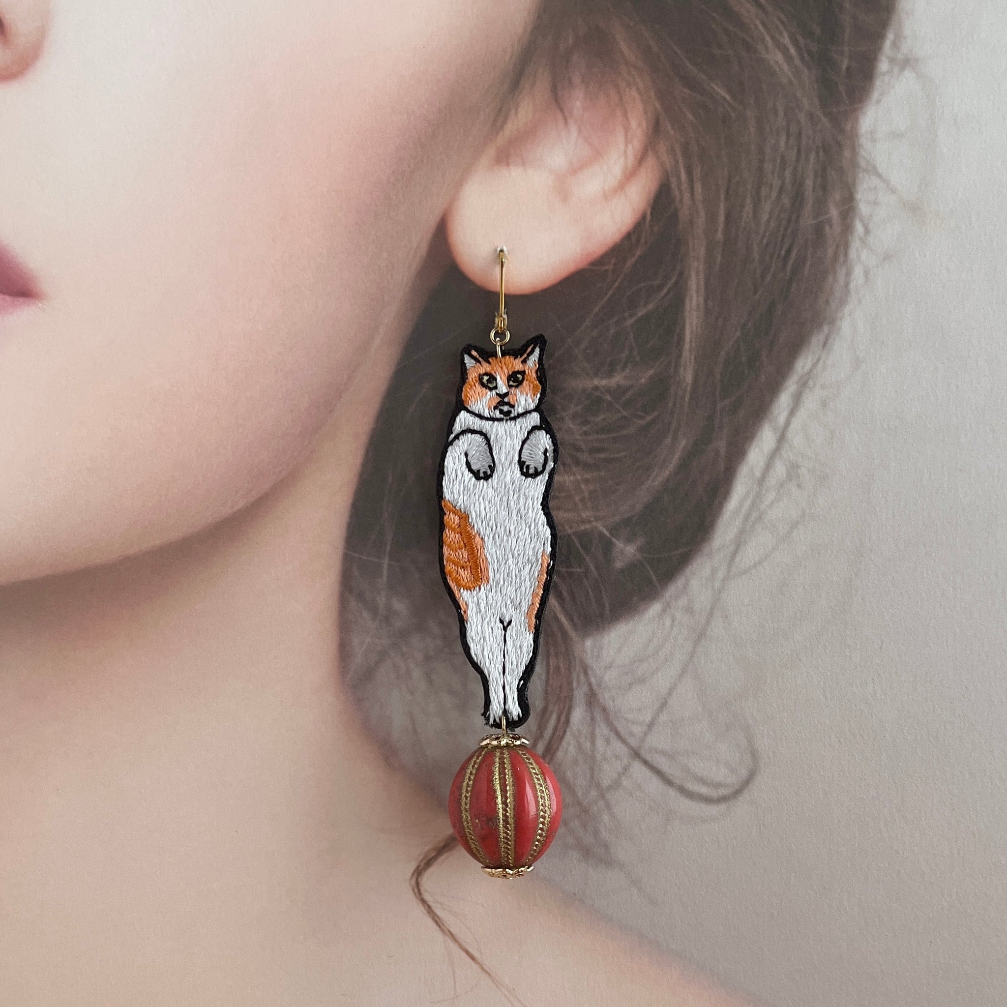 玉乗りするネコ・ボブの耳飾り|maltamarie(マルタマリエ)
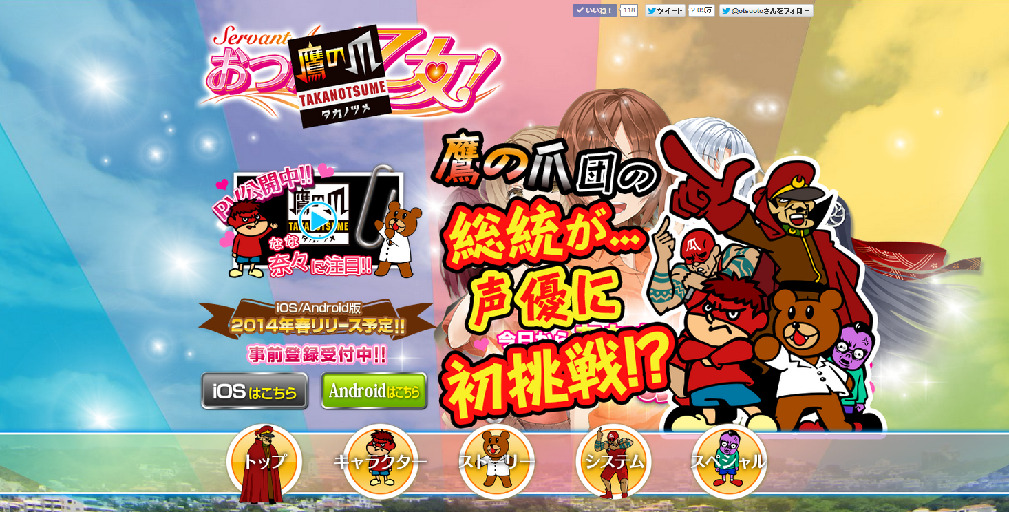 ラストの第7弾は、事前登録中のフルボイス恋愛アプリ「おつかえ乙女!」と「鷹の爪」でエイプリルフールのコラボキャンペーンを実施いたします。
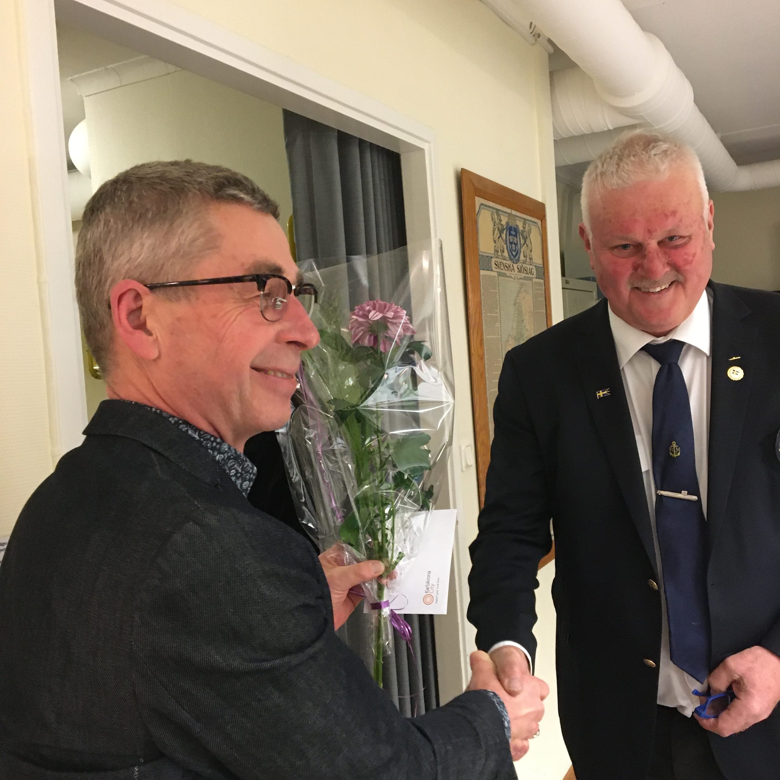 Ordföranden avtackade avgående styrelseledamoten Lars Gelderman med blombukett och presentkort.
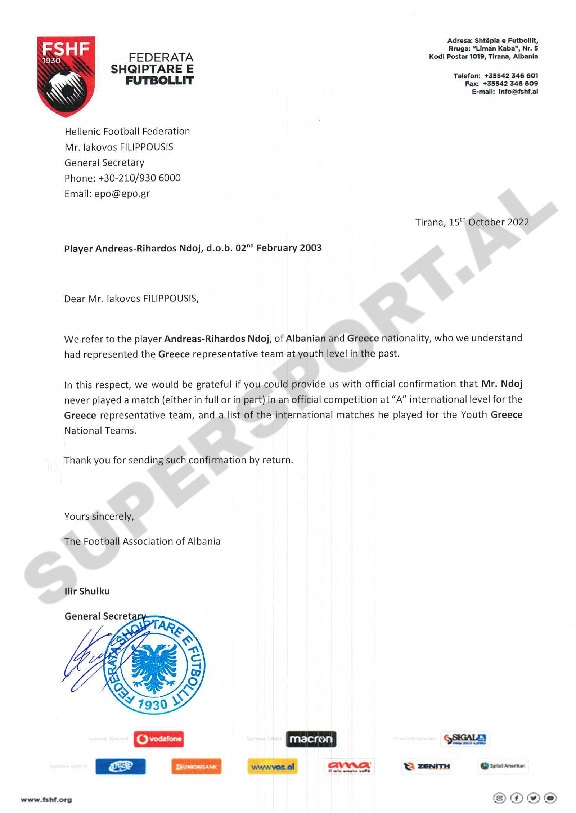 Federata Shqiptare e Futbollit iu drejtua fillimisht homologëve në Greqi për të konfirmuar se Ndoj nuk ka luajtur me ekipin e parë të helenëve, çka i krijojnë kushtet për t’u bashkuar me skuadrën kuqezi, shkresë që daton në 15 tetor dhe gjashtë ditë më vonë federata greke vuri në dijeni me një shkresë zyrtare, ndeshjet e moshave ku 19-vjeçari ishte aktivizuar.
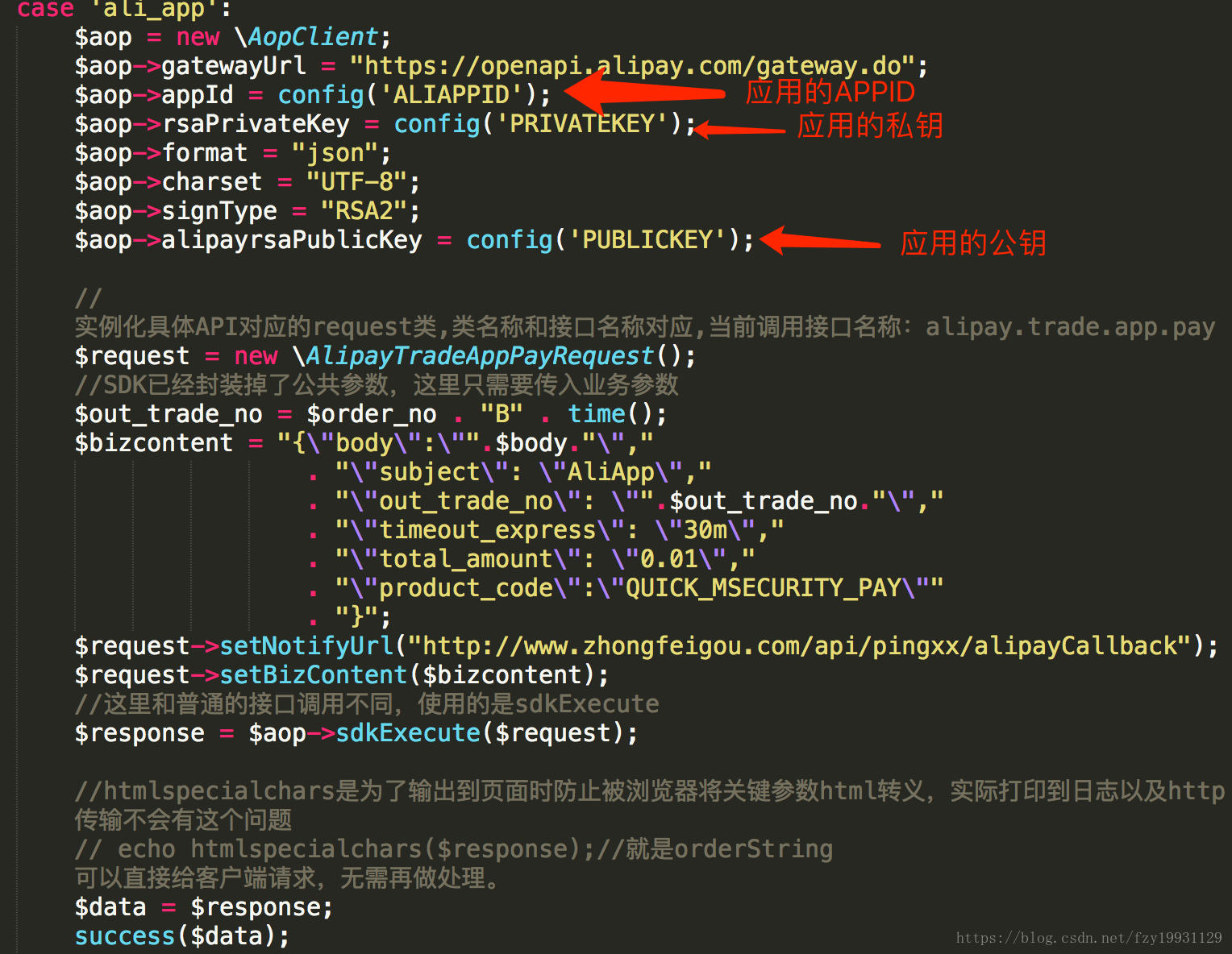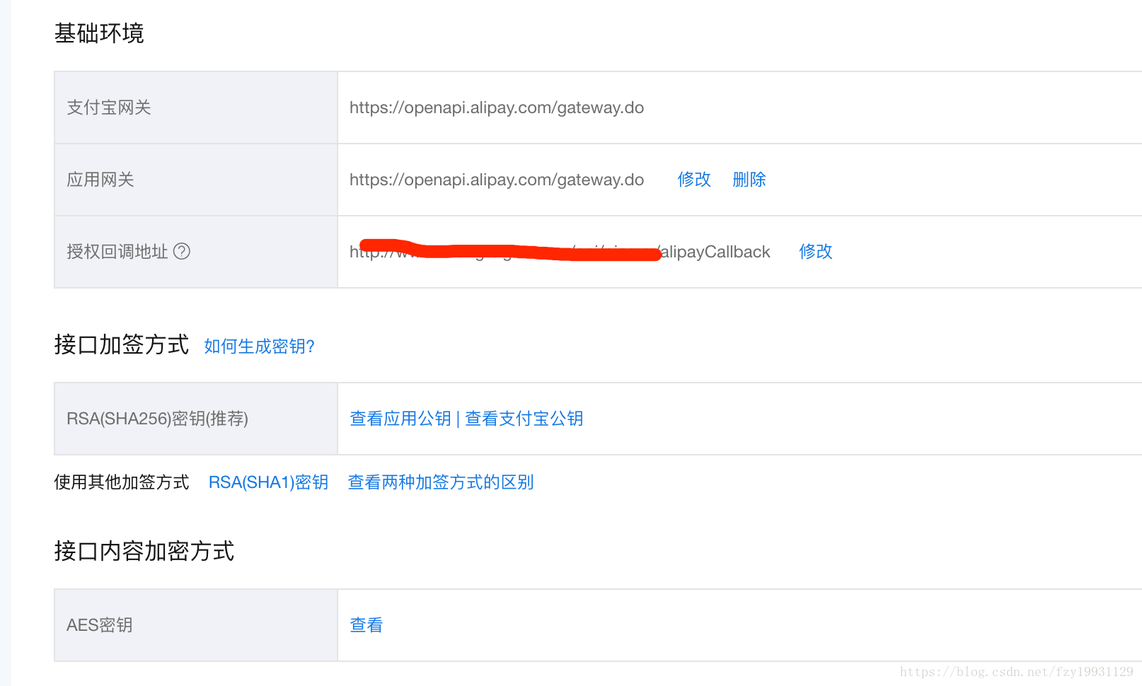 配置应用信息中的开发配置,对应的开发私钥公钥及支付宝公钥参考官方文档,RSA秘钥生成地址链接https://docs.open.alipay.com/291/105971/

Task prompt:
Above are the records; copy exactly the lines from the one with "ラストの第7弾は、事前登録中" through the one with "Ordföranden avtackade avgående", including both, and nothing more. Leave out pictures.

Written response:
 ラストの第7弾は、事前登録中のフルボイス恋愛アプリ「おつかえ乙女!」と「鷹の爪」でエイプリルフールのコラボキャンペーンを実施いたします。
 Ordföranden avtackade avgående styrelseledamoten Lars Gelderman med blombukett och presentkort.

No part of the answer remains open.